🤖 AI Summary
This work addresses the challenge posed by multimodal disinformation, whose dynamic evolution and time-sensitive nature often lead existing detection methods to retrieve redundant or irrelevant evidence. To mitigate this issue, the authors propose ExDR, a novel framework that integrates model-generated explanations into both retrieval triggering and evidence selection. Specifically, ExDR dynamically initiates retrieval based on multidimensional trigger confidence, constructs a deception-aware entity index, and retrieves contrastive evidence guided by deceptive features to challenge the original claim. Experimental results on the AMG and MR2 datasets demonstrate that ExDR significantly improves retrieval accuracy, evidence quality, and overall detection performance, exhibiting strong generalization capabilities.
📝 Abstract
The rapid spread of multimodal fake news poses a serious societal threat, as its evolving nature and reliance on timely factual details challenge existing detection methods. Dynamic Retrieval-Augmented Generation provides a promising solution by triggering keyword-based retrieval and incorporating external knowledge, thus enabling both efficient and accurate evidence selection. However, it still faces challenges in addressing issues such as redundant retrieval, coarse similarity, and irrelevant evidence when applied to deceptive content. In this paper, we propose ExDR, an Explanation-driven Dynamic Retrieval-Augmented Generation framework for Multimodal Fake News Detection.

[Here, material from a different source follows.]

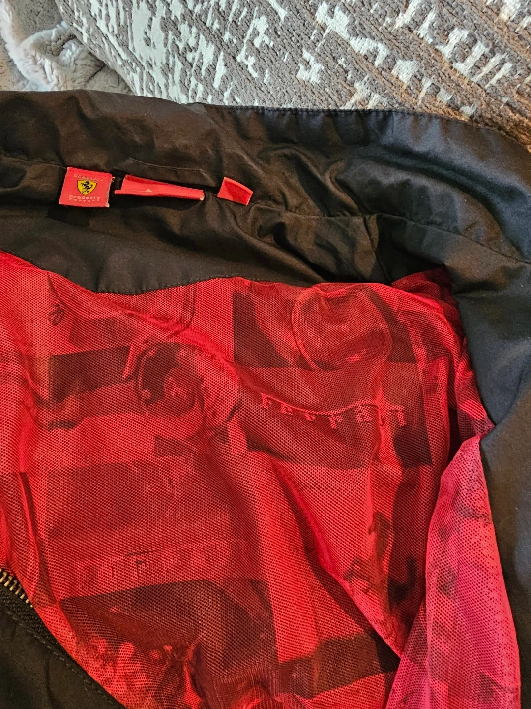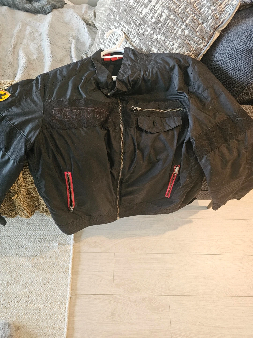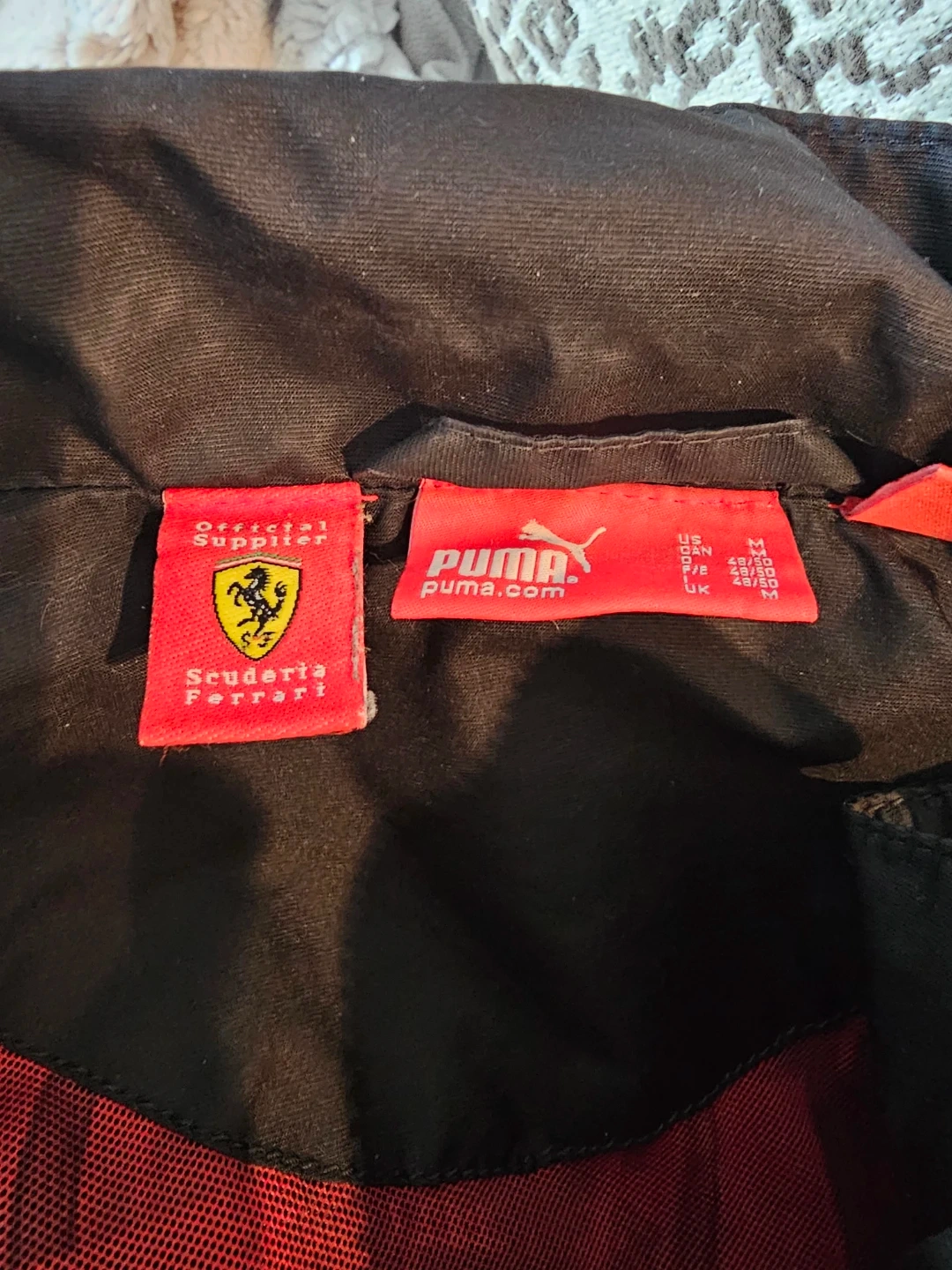 Selling a Puma Ferrari jacket. It is black with red accents and features the Ferrari logo. A stylish piece for any fan!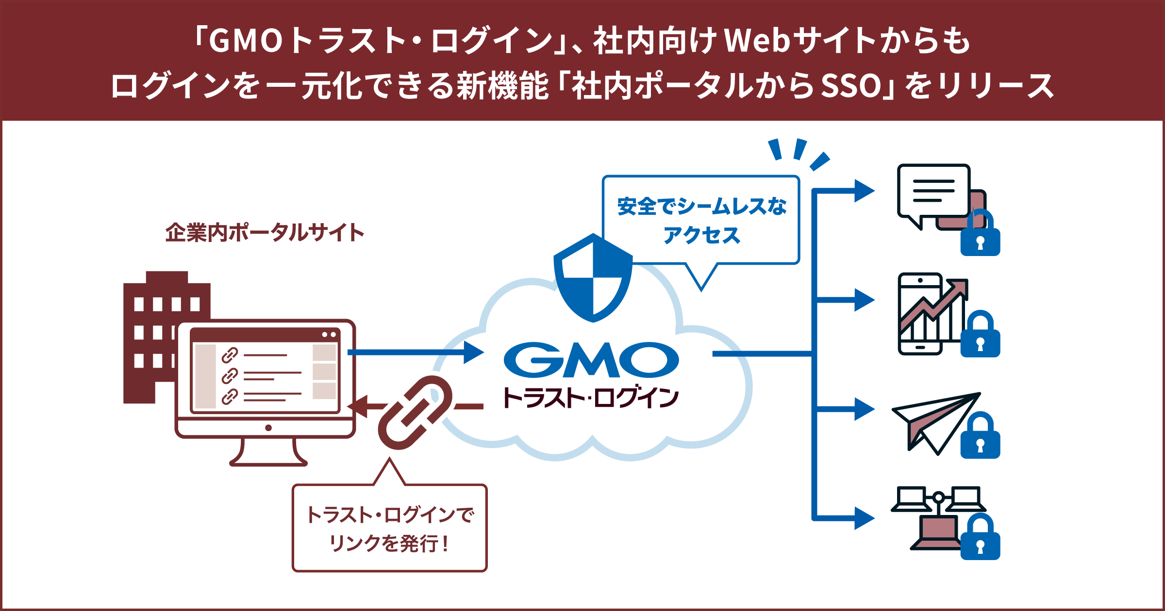 GMOインターネットグループのGMOグローバルサイン株式会社(※1)(代表取締役社長:中條 一郎 以下、GMOグローバルサイン)が提供するID管理・認証サービス「GMOトラスト・ログイン」は、企業の社内向けWebサイトなどから直接シングルサインオン(SSO)を実行できる新機能「社内ポータルからSSO」を、2026年2月27日(金)にリリースしました。

Our framework systematically leverages model-generated explanations in both the retrieval triggering and evidence retrieval modules. It assesses triggering confidence from three complementary dimensions, constructs entity-aware indices by fusing deceptive entities, and retrieves contrastive evidence based on deception-specific features to challenge the initial claim and enhance the final prediction. Experiments on two benchmark datasets, AMG and MR2, demonstrate that ExDR consistently outperforms previous methods in retrieval triggering accuracy, retrieval quality, and overall detection performance, highlighting its effectiveness and generalization capability.